[Data items]
+---+

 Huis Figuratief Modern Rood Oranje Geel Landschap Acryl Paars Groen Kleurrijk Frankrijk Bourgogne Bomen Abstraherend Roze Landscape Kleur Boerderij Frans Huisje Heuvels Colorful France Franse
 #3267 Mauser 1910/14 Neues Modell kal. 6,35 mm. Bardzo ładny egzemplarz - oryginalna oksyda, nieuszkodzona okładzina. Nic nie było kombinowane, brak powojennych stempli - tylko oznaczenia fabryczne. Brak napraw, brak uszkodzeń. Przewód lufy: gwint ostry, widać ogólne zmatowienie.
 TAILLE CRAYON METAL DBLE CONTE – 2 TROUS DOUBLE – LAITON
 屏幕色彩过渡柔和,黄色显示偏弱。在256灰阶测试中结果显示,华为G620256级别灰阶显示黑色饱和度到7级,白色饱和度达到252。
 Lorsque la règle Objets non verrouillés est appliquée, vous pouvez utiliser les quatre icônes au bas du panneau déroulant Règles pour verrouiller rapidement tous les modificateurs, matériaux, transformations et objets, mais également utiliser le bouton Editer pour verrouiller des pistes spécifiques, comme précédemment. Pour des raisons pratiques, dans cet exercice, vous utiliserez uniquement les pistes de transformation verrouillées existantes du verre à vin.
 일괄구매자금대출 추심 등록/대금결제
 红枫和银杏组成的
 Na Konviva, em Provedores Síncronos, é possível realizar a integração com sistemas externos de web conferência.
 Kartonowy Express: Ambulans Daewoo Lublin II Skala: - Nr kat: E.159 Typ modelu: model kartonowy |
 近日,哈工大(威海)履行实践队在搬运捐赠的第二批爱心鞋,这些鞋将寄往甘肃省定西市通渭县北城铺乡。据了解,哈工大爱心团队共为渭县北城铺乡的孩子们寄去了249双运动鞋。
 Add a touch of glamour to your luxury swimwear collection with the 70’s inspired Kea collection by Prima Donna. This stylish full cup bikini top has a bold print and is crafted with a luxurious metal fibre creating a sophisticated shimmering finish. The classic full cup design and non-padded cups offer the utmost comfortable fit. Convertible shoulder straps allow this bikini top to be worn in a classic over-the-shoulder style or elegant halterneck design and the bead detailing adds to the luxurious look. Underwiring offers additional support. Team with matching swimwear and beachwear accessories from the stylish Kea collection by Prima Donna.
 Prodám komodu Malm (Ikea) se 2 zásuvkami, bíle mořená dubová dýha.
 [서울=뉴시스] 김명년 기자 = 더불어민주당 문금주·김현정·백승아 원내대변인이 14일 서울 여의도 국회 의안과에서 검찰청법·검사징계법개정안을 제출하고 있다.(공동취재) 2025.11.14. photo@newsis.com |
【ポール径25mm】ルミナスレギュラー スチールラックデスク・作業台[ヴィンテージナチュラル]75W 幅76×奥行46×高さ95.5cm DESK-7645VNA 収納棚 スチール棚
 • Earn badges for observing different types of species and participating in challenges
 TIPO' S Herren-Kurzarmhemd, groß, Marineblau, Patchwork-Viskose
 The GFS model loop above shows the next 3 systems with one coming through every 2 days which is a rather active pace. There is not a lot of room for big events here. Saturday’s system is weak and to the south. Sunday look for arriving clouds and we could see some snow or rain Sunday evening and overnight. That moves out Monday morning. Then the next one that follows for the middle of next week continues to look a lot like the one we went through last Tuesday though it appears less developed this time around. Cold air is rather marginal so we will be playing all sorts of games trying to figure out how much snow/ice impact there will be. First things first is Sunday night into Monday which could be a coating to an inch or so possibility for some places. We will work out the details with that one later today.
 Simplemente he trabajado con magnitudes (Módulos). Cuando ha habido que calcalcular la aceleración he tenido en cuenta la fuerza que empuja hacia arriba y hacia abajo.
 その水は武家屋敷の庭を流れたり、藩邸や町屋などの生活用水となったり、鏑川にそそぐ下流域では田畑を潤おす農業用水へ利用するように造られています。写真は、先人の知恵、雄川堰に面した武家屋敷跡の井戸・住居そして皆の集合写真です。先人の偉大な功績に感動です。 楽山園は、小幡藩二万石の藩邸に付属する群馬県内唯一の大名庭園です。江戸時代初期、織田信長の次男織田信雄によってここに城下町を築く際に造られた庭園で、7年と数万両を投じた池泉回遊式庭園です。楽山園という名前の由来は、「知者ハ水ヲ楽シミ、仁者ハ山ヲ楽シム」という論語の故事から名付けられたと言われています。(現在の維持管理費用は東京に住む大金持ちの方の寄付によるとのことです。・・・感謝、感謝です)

+---+

> [INSTRUCTIONS FOR THE TASK] Each line of the data is to be restated exactly.

> [EXERCISE SOLUTION]
 Huis Figuratief Modern Rood Oranje Geel Landschap Acryl Paars Groen Kleurrijk Frankrijk Bourgogne Bomen Abstraherend Roze Landscape Kleur Boerderij Frans Huisje Heuvels Colorful France Franse
 #3267 Mauser 1910/14 Neues Modell kal. 6,35 mm. Bardzo ładny egzemplarz - oryginalna oksyda, nieuszkodzona okładzina. Nic nie było kombinowane, brak powojennych stempli - tylko oznaczenia fabryczne. Brak napraw, brak uszkodzeń. Przewód lufy: gwint ostry, widać ogólne zmatowienie.
 TAILLE CRAYON METAL DBLE CONTE – 2 TROUS DOUBLE – LAITON
 屏幕色彩过渡柔和,黄色显示偏弱。在256灰阶测试中结果显示,华为G620256级别灰阶显示黑色饱和度到7级,白色饱和度达到252。
 Lorsque la règle Objets non verrouillés est appliquée, vous pouvez utiliser les quatre icônes au bas du panneau déroulant Règles pour verrouiller rapidement tous les modificateurs, matériaux, transformations et objets, mais également utiliser le bouton Editer pour verrouiller des pistes spécifiques, comme précédemment. Pour des raisons pratiques, dans cet exercice, vous utiliserez uniquement les pistes de transformation verrouillées existantes du verre à vin.
 일괄구매자금대출 추심 등록/대금결제
 红枫和银杏组成的
 Na Konviva, em Provedores Síncronos, é possível realizar a integração com sistemas externos de web conferência.
 Kartonowy Express: Ambulans Daewoo Lublin II Skala: - Nr kat: E.159 Typ modelu: model kartonowy |
 近日,哈工大(威海)履行实践队在搬运捐赠的第二批爱心鞋,这些鞋将寄往甘肃省定西市通渭县北城铺乡。据了解,哈工大爱心团队共为渭县北城铺乡的孩子们寄去了249双运动鞋。
 Add a touch of glamour to your luxury swimwear collection with the 70’s inspired Kea collection by Prima Donna. This stylish full cup bikini top has a bold print and is crafted with a luxurious metal fibre creating a sophisticated shimmering finish. The classic full cup design and non-padded cups offer the utmost comfortable fit. Convertible shoulder straps allow this bikini top to be worn in a classic over-the-shoulder style or elegant halterneck design and the bead detailing adds to the luxurious look. Underwiring offers additional support. Team with matching swimwear and beachwear accessories from the stylish Kea collection by Prima Donna.
 Prodám komodu Malm (Ikea) se 2 zásuvkami, bíle mořená dubová dýha.
 [서울=뉴시스] 김명년 기자 = 더불어민주당 문금주·김현정·백승아 원내대변인이 14일 서울 여의도 국회 의안과에서 검찰청법·검사징계법개정안을 제출하고 있다.(공동취재) 2025.11.14. photo@newsis.com |
【ポール径25mm】ルミナスレギュラー スチールラックデスク・作業台[ヴィンテージナチュラル]75W 幅76×奥行46×高さ95.5cm DESK-7645VNA 収納棚 スチール棚
 • Earn badges for observing different types of species and participating in challenges
 TIPO' S Herren-Kurzarmhemd, groß, Marineblau, Patchwork-Viskose
 The GFS model loop above shows the next 3 systems with one coming through every 2 days which is a rather active pace. There is not a lot of room for big events here. Saturday’s system is weak and to the south. Sunday look for arriving clouds and we could see some snow or rain Sunday evening and overnight. That moves out Monday morning. Then the next one that follows for the middle of next week continues to look a lot like the one we went through last Tuesday though it appears less developed this time around. Cold air is rather marginal so we will be playing all sorts of games trying to figure out how much snow/ice impact there will be. First things first is Sunday night into Monday which could be a coating to an inch or so possibility for some places. We will work out the details with that one later today.
 Simplemente he trabajado con magnitudes (Módulos). Cuando ha habido que calcalcular la aceleración he tenido en cuenta la fuerza que empuja hacia arriba y hacia abajo.
 その水は武家屋敷の庭を流れたり、藩邸や町屋などの生活用水となったり、鏑川にそそぐ下流域では田畑を潤おす農業用水へ利用するように造られています。写真は、先人の知恵、雄川堰に面した武家屋敷跡の井戸・住居そして皆の集合写真です。先人の偉大な功績に感動です。 楽山園は、小幡藩二万石の藩邸に付属する群馬県内唯一の大名庭園です。江戸時代初期、織田信長の次男織田信雄によってここに城下町を築く際に造られた庭園で、7年と数万両を投じた池泉回遊式庭園です。楽山園という名前の由来は、「知者ハ水ヲ楽シミ、仁者ハ山ヲ楽シム」という論語の故事から名付けられたと言われています。(現在の維持管理費用は東京に住む大金持ちの方の寄付によるとのことです。・・・感謝、感謝です)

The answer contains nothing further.